Making a user-defined class std::to_string(able)

What's the 'best' way is an open question.

There are a few ways.

The first thing to say is that overloading std::to_string for a custom type is not allowed. We may only specialise template functions and classes in the std namespace for custom types, and std::to_string is not a template function.

That said, a good way to treat to_string is much like an operator or an implementation of swap. i.e. allow argument-dependent-lookup to do the work.

so when we want to convert something to a string we could write:

using std::to_string;
auto s = to_string(x) + " : " + to_string(i);

assuming that x was an object of type X in namespace Y and i was an int, we could then define:

namespace Y {

  std::string to_string(const X& x);

}

which would now mean that:

invoking to_string(x) actually selects Y::to_string(const Y::X&), and

invoking to_string(i) selects std::to_string(int)

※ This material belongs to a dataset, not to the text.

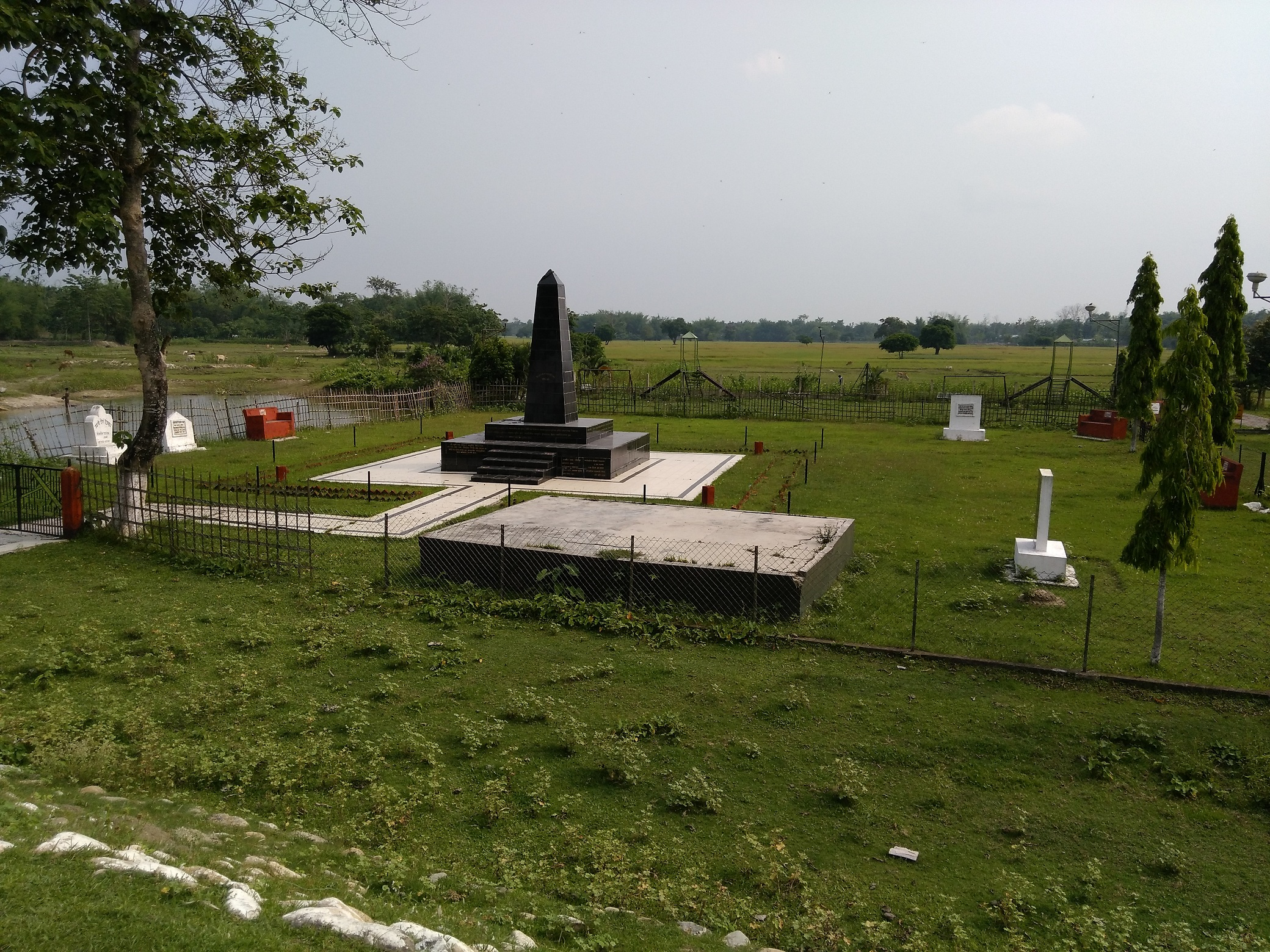 Pillar made in the memory of 1894 martyr's

Going further, it may be that you want to_string to do much the same as operator<<, so then one can be written in terms of the other:

namespace Y {

  inline std::ostream& operator<<(std::ostream& os, const X& x) { /* implement here */; return os; }

  inline std::string to_string(const X& x) {
    std::ostringstream ss;
    ss << x;
    return ss.str();
  }
}

First, some ADL helping:

namespace notstd {
  namespace adl_helper {
    using std::to_string;

    template<class T>
    std::string as_string( T&& t ) {
      return to_string( std::forward<T>(t) );
    }
  }
  template<class T>
  std::string to_string( T&& t ) {
    return adl_helper::as_string(std::forward<T>(t));
  }
}

notstd::to_string(blah) will do an ADL-lookup of to_string(blah) with std::to_string in scope.

We then modify your class:

class my_class{
public:
  friend std::string to_string(my_class const& self) {
    return "I am " + notstd::to_string(self.i);
  }
  int i;
};

and now notstd::to_string(my_object) finds the proper to_string, as does notstd::to_string(7).

With a touch more work, we can even support .tostring() methods on types to be auto-detected and used.


You could define your own to_string in its own namespace (e.g., foo).

namespace foo {
   std::string to_string(my_class const &obj) {
     return obj.string give_me_a_string_of_you();
   }
}

And use it as:

int main(){
    my_class my_object;
    std::cout<< foo::to_string(my_object);
}

Unfortunatelly, you can't define your own version of to_string in namespace std because acorrding to the standard 17.6.4.2.1 Namespace std [namespace.std] (Emphasis Mine):

The behavior of a C++ program is undefined if it adds declarations or definitions to namespace std or to a namespace within namespace std unless otherwise specified. A program may add a template specialization for any standard library template to namespace std only if the declaration depends on a user-defined type and the specialization meets the standard library requirements for the original template and is not explicitly prohibited.